I am waiting for an enterprising reporter to document the extent of PHS' power by preparing a simple chart that compares the percentage market share of PHS versus other hospitals against the percentage of revenues collected by PHS versus other hospitals from the three major Massachusetts insurers. It is no secret that PHS gets higher rates for its doctors and its hospital procedures. Certainly the insurance companies know this, and perhaps there is enough public information available to document it.
Please note that I am not suggesting that this fact means there is an illegal level of market power or price discrimination. As far as I know, no such conclusion has been reached by a state or federal attorney general. I am just suggesting that size matters in the health care marketplace. PHS was created in part to enable its participants to be strong financial performers. The managers of the system have executed their business strategy well. Also, as noted below in my posting on the Harvard Medical System, the PHS hospitals are national leaders in clinical care, research, and teaching -- so I am not in any way suggesting that they have used funds unwisely. It is just that PHS' public modesty about its market influence does not reflect its true success as a business enterprise.

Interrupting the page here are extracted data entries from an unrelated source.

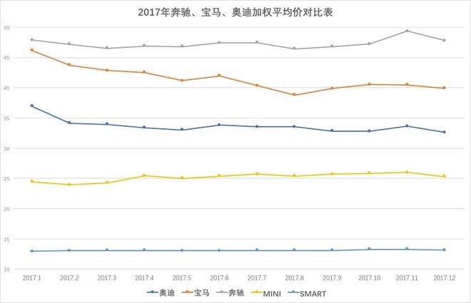 2017年全國(guó)社會(huì)消費(fèi)品零售總額中汽車類消費(fèi)總額為42,221.9億元,增長(zhǎng)5.6%;12個(gè)豪華品牌車企,2017年新車銷售營(yíng)收達(dá)到1.1萬億,占汽車類消費(fèi)總額的26%;12個(gè)品牌的豪華車銷量以10.77%的市場(chǎng)份額,占26%的汽車消費(fèi)總額,凸顯豪華品牌車企在國(guó)內(nèi)汽車行業(yè)中的重要性。
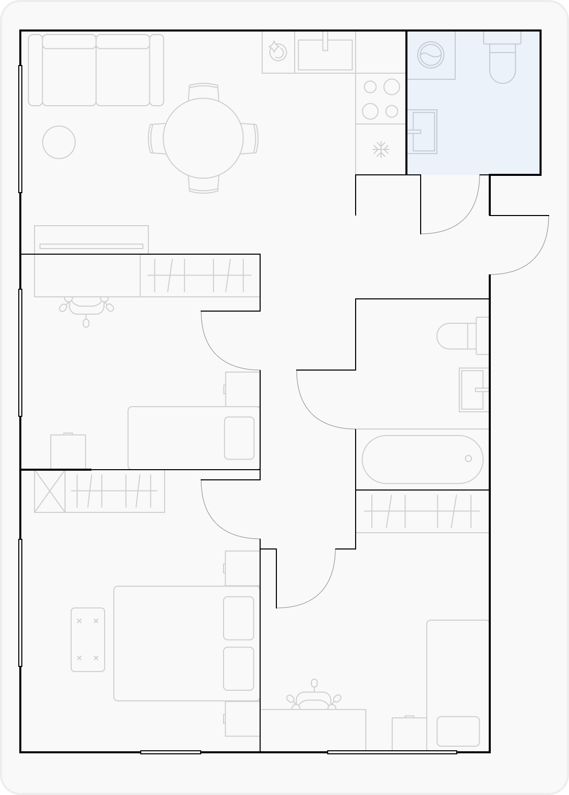 Помимо единого большого пространства евроформат позволяет при необходимости формировать отдельные зоны, чтобы комфортно распределять активности внутри квартиры, например выделить рабочую зону для человека, который работает из дома. То есть это про гибкие сценарии жизни, комфорт и возможность адаптировать пространство.
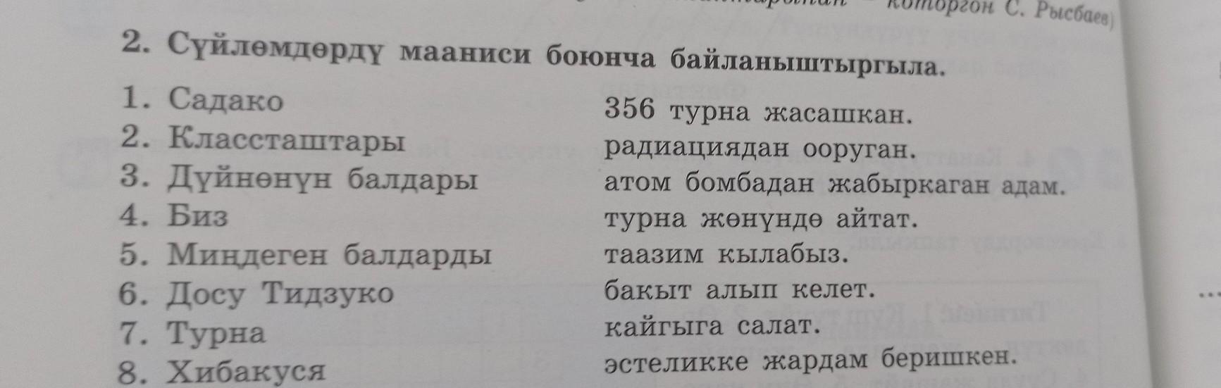 2. Сүйлөмдөрдү мааниси боюнча байланыштыргыла. 1. Садако 356 турна жасашкан. 2. Классташтары радиациядан ооруган, 3. Дүйнөнүн балдары атом бомбадан жабыркаган адам. 4. Биз турна жөнүндө айтат. 5. Миңдеген балдарды таазим кылабыз. 6. Досу Тидзуко бакыт алып келет. 7. Турна кайгыга салат. 8. Хибакуся эстеликке жардам беришкен.

So, to answer the query received above, the other hospitals are fighting for whatever rate increases they can get from the insurers in the face of PHS' dominance in the marketplace. There is no way they would volunteer to offer preferred rates to an insurer while they are fighting for their lives to get rates comparable to those received by Partners.

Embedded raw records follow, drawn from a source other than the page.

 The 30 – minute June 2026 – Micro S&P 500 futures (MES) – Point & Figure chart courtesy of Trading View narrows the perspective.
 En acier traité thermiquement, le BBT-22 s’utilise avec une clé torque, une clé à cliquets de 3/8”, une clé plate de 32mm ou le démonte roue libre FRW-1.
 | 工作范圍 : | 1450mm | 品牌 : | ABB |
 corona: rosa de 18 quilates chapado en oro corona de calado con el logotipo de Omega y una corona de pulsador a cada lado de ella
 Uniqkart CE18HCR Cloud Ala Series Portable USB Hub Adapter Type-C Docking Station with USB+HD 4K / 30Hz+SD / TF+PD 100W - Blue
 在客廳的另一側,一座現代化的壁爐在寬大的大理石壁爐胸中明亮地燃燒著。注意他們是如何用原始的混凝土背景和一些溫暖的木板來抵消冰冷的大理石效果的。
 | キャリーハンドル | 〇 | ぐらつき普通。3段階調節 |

On the insurer side, Blue Cross/Blue Shield has an even more dominant position, with more subscribers than all of the rest of the market put together. I can't speak for Harvard Pilgrim Health Care and Tufts, but I am guessing they feel the strength of this competitor every day when they seek to sign up companies as subscribers. BC/BS has the balance sheet to focus on market segments it cares about and to design rate plans that are attractive to those potential customers.
BC/BS is also part of a national network of the Blues, which gives them the ability to sign on national accounts: And if you haven't noticed, corporations with multi-state locations are a growing segment of the Massachusetts economy. HPHC has created an alliance with UnitedHealth Group to offer a similar national product line. This is a wise decision, although integrating a local company like HPHC with a huge national firm is sure to be a lot of work. Meanwhile, Tufts appears to be going on its own, an uphill battle for sure, although there is a chance that local loyalties will be an effective marketing approach.
To its credit, BC/BS has used its strong market position to push important aspects of the health care agenda. The company's focus on transforming the health care system to eliminate overuse, underuse, misuse, and waste is exemplary. Its stated goal -- to pay according to the quality of patient outcomes and efficiency in the delivery of medical services -- is the right thing for society and, by the way, is the only effective way to counterbalance the market power of a dominant provider system. When each hospital is paid for the results it achieves in patient care, rather than its market share, everybody wins. Ultimately, it is the only way to control the growth in health care costs because it stimulates the right kind of competition -- competition measured by results and efficiency -- among all providers. BC/BS' dominance in the marketplace gives it a unique ability to lead the way and achieve this result.